ECLI:NL:RBROT:2011:BR2189
Rechtbank Rotterdam
- Eerste aanleg - meervoudig
- [naam rechter 1]
- [naam rechter 2]
- [naam rechter 3]
- [naam rechter 4]
- [naam rechter 5]
- Rechtspraak.nl
Afwijzing wrakingsverzoek en niet-ontvankelijkheid van vervolgverzoeken
In deze zaak heeft de rechtbank Rotterdam op 18 juli 2011 een wrakingsverzoek afgewezen dat was ingediend door verzoekster tegen de rechters van de wrakingskamer. Verzoekster had eerder een wrakingsverzoek ingediend tegen een kantonrechter, en na afwijzing daarvan heeft zij opnieuw geprobeerd de rechters van de wrakingskamer te wraken. De rechtbank oordeelde dat het wrakingsverzoek kennelijk ongegrond was, omdat verzoekster geen feiten of omstandigheden had aangevoerd die de vrees voor partijdigheid van de rechters konden onderbouwen.
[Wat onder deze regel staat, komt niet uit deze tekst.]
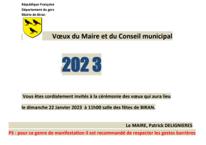 Le Maire et le Conseil Municipal vous invite le dimanche 22 Janvier à 11h00 à la salle des fêtes pour la présentation des vœux 2023.

De enkele omstandigheid dat de rechters eerder een verzoek van verzoekster hadden afgewezen, was onvoldoende om te concluderen dat zij niet-onafhankelijk of partijdig waren. De rechtbank benadrukte dat een rechter uit hoofde van zijn aanstelling moet worden vermoed onpartijdig te zijn, tenzij er uitzonderlijke omstandigheden zijn die dit vermoeden ondermijnen. De rechtbank besloot ook dat verdere wrakingsverzoeken van verzoekster op dezelfde of soortgelijke gronden niet meer in behandeling zullen worden genomen, gezien de herhaalde en ongegronde verzoeken van verzoekster. De beslissing werd genomen in aanwezigheid van de griffier en is openbaar uitgesproken.